**RECORDS FOR THE EXERCISE**
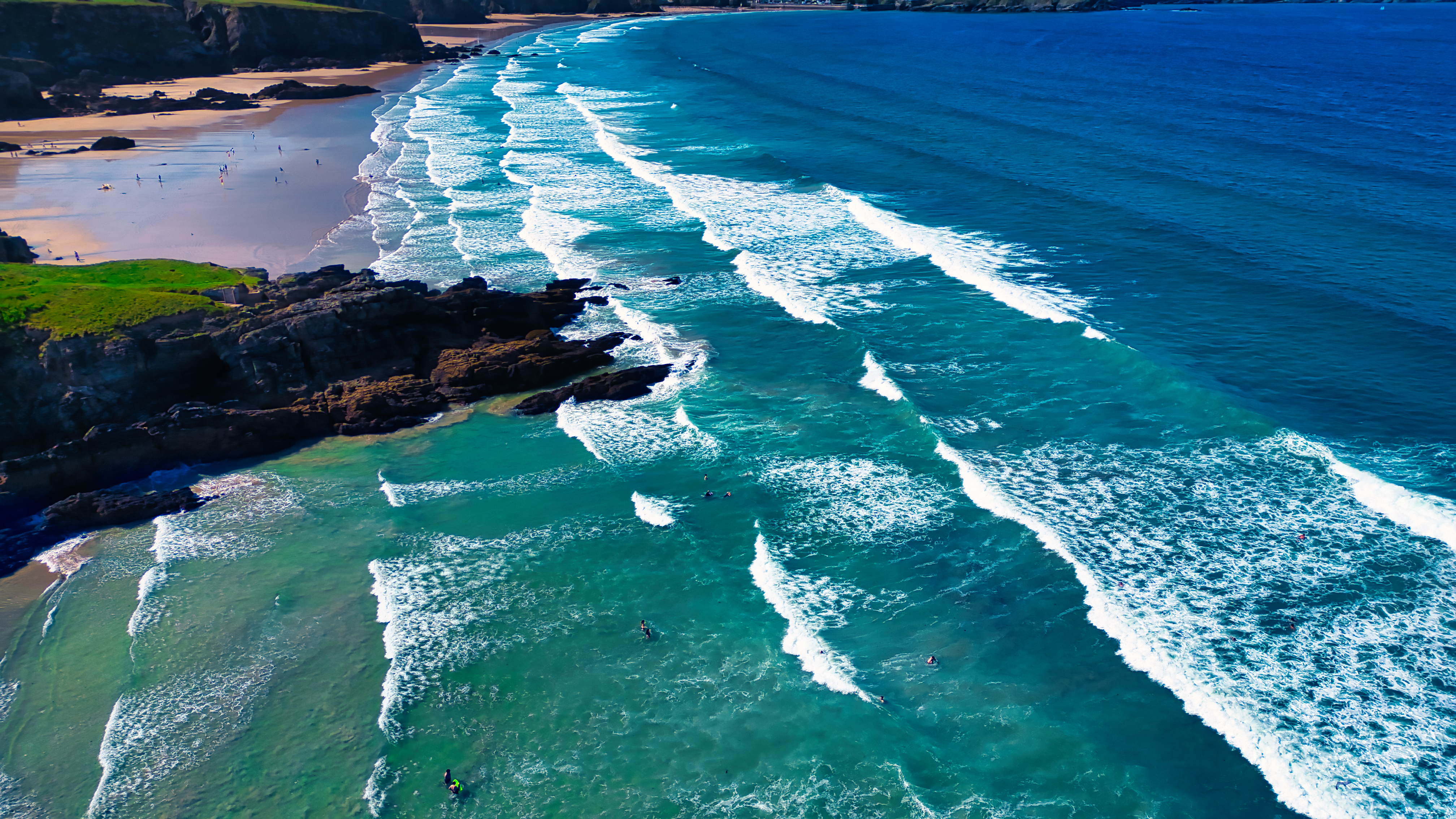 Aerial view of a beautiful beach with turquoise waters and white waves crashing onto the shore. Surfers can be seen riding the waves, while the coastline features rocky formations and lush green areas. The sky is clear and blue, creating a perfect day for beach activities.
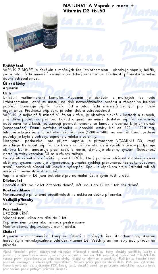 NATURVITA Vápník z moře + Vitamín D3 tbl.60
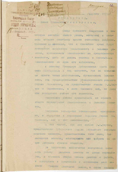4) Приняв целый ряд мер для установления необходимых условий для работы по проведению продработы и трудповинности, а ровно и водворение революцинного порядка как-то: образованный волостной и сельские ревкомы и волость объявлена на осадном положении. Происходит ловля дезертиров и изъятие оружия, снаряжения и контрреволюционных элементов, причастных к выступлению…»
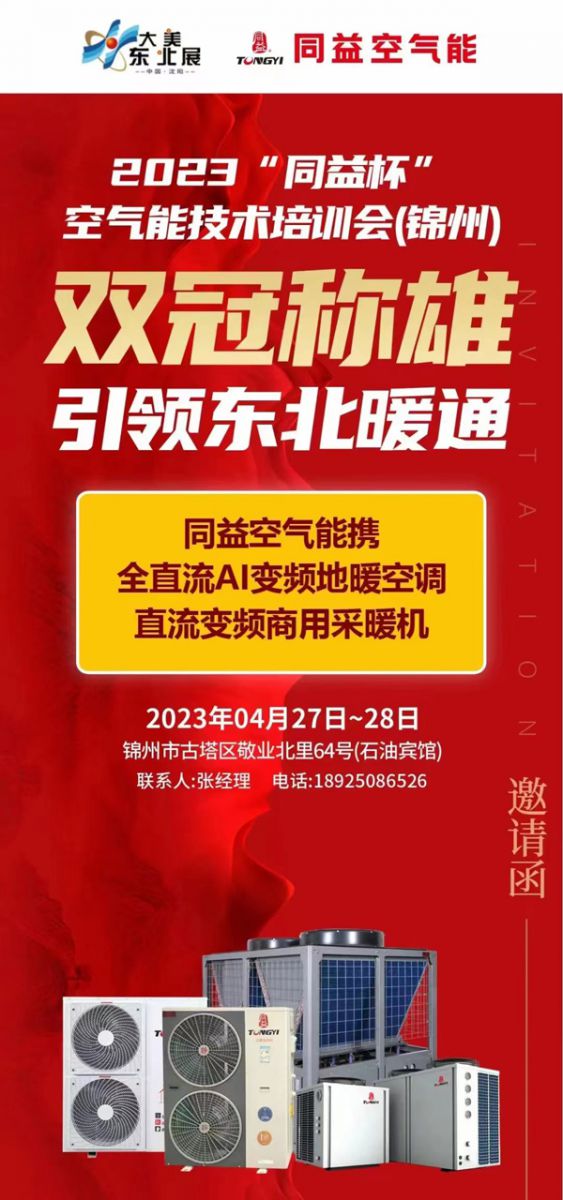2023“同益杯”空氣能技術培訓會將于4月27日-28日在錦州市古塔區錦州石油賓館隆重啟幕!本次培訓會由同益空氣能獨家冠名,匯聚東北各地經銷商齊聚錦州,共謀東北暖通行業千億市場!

...

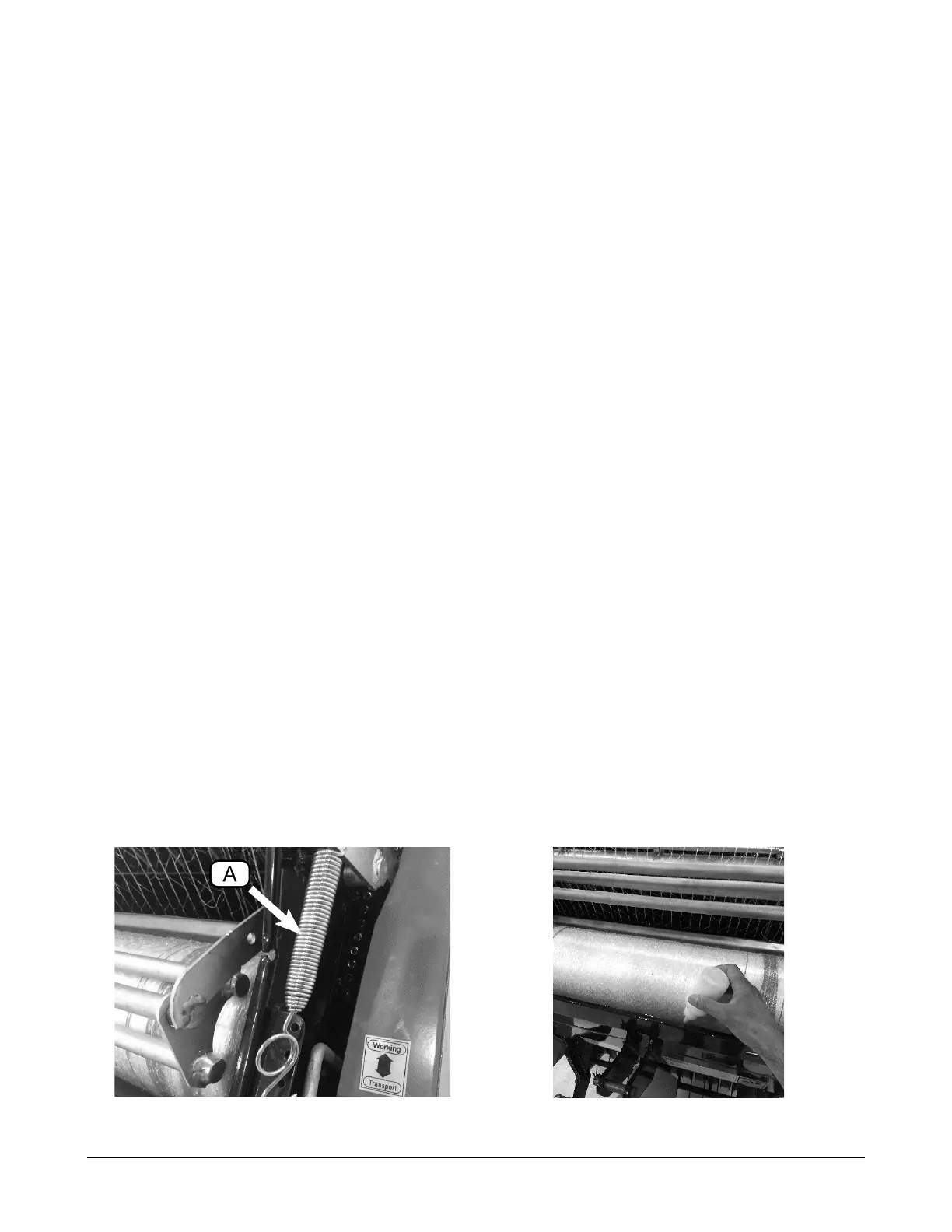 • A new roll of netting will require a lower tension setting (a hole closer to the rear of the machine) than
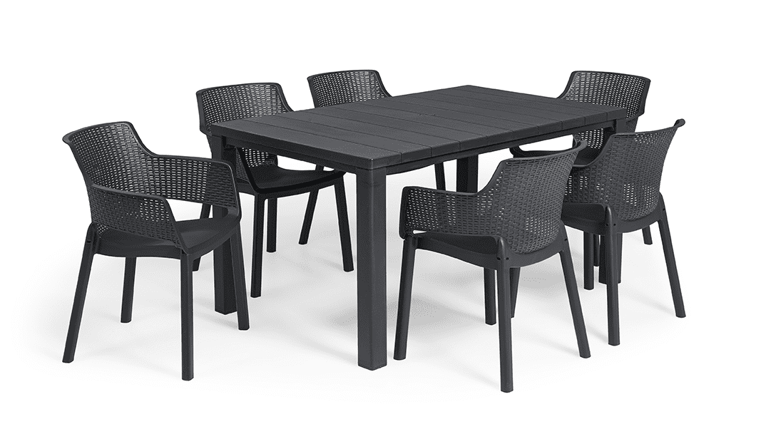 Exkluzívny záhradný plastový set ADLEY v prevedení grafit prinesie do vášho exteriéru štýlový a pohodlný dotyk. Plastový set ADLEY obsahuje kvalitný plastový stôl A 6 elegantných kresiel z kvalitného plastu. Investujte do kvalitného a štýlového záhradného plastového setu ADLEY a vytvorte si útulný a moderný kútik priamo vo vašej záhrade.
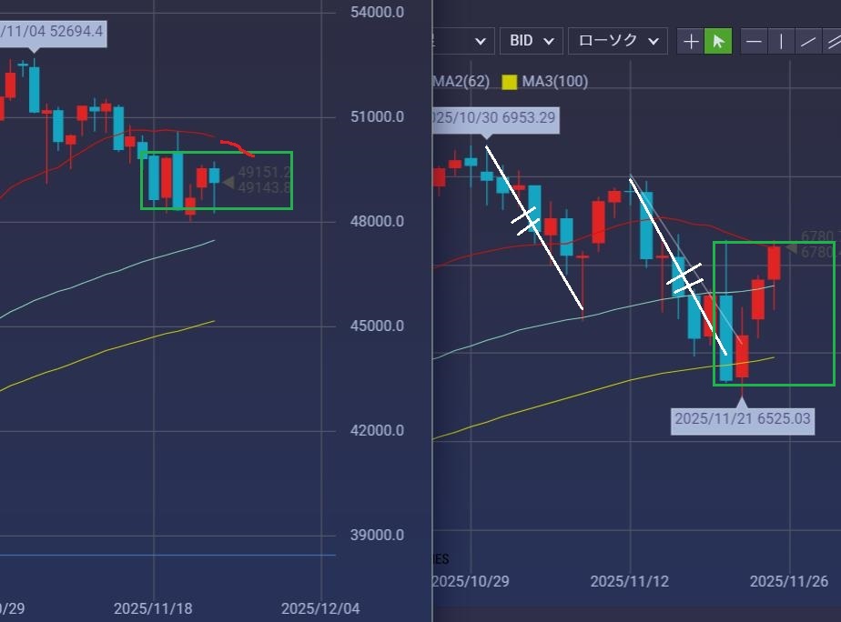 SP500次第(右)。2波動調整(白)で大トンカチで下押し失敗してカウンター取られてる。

==

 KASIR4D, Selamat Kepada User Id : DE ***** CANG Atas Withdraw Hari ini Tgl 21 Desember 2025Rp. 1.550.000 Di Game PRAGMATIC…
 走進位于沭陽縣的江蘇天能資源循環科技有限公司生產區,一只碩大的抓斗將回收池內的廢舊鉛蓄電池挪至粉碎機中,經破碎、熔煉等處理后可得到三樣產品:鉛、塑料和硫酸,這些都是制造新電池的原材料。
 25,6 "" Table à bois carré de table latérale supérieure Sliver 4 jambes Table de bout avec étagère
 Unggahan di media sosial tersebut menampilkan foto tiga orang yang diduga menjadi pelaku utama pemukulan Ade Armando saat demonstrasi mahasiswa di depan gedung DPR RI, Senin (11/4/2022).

**WORK INSTRUCTION**
Range to copy from the listing above: the line containing "the machine) than" down to the line containing "SP500次第(右)。2波動", both included. Reproduce it exactly, minus the pictures, and add nothing.

**WRITTEN SOLUTION**
 • A new roll of netting will require a lower tension setting (a hole closer to the rear of the machine) than
 Exkluzívny záhradný plastový set ADLEY v prevedení grafit prinesie do vášho exteriéru štýlový a pohodlný dotyk. Plastový set ADLEY obsahuje kvalitný plastový stôl A 6 elegantných kresiel z kvalitného plastu. Investujte do kvalitného a štýlového záhradného plastového setu ADLEY a vytvorte si útulný a moderný kútik priamo vo vašej záhrade.
 SP500次第(右)。2波動調整(白)で大トンカチで下押し失敗してカウンター取られてる。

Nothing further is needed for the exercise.